• _Task_
In the entries below, find the line with "De cara a la" and the line with "A Delegacia de"; copy them and every line between them exactly, but not the pictures.

[Opening Exercise data section]

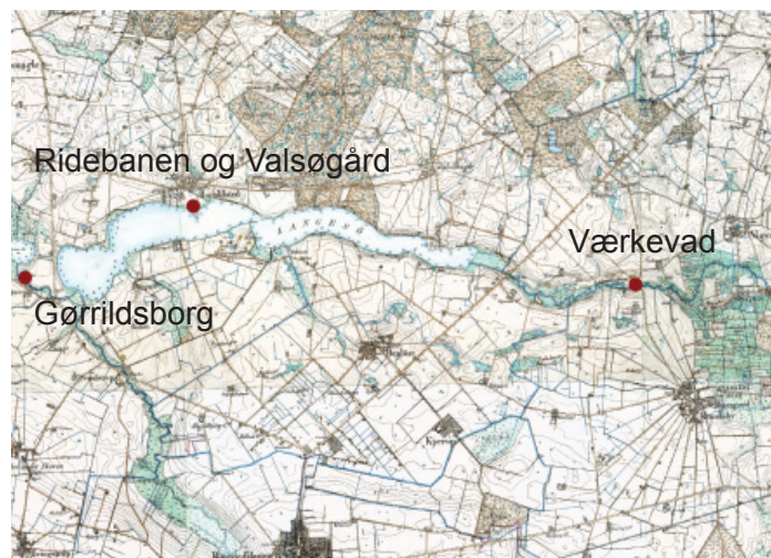
Beliggenheden af Voldstederne og vadestedet ved Værkevad. Historisk kort 1842 - 1888

Adgangen ind bag voldene foregik ad en hulvej, som sikkert har været forstærket af kampesten og skjult for omverdenen af tæt skov. Også fra søsiden har man kunnet komme ind bag voldene, sikkert igennem et palisadeværn.
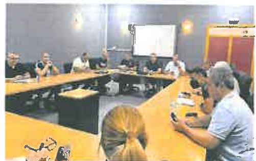
Reunión de CC OO y la nueva dirección de Emergencias.

De cara a la oferta de 2022, los representantes del Gobierno regional adquirieron el compromiso de establecer una mesa de negociación para tratar la propuesta de los sindicatos en cuanto a las necesidades de personal del Consorcio para que a través de la ampliación de una plantilla presupuestaria se creen 79 plazas, de las que 57 serían de bomberos, 9 cabos y un sargento.
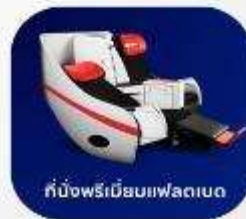
ที่นั่งพรีเมียมเฟลตเบด
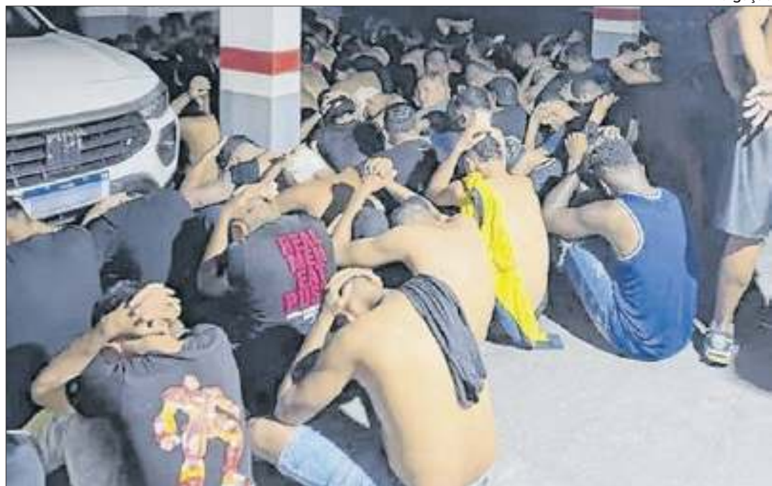
A Delegacia de Proteção ao Torcedor e de Grandes Eventos (DPTGE) investiga o caso.

A DPE apontou que as prisões foram “equivocadas” por diversas razões: ausência de audiência de custódia, superlotação, falta de consideração das circunstâncias pessoais dos detidos e a ausência de individualização das condutas. Muitos dos presos não possuem antecedentes criminais, e não houve distinção entre aqueles envolvidos na briga e os que apenas passavam pelo local.

[Closing Exercise data section]

• _Response for this exercise_
De cara a la oferta de 2022, los representantes del Gobierno regional adquirieron el compromiso de establecer una mesa de negociación para tratar la propuesta de los sindicatos en cuanto a las necesidades de personal del Consorcio para que a través de la ampliación de una plantilla presupuestaria se creen 79 plazas, de las que 57 serían de bomberos, 9 cabos y un sargento.
ที่นั่งพรีเมียมเฟลตเบด
A Delegacia de Proteção ao Torcedor e de Grandes Eventos (DPTGE) investiga o caso.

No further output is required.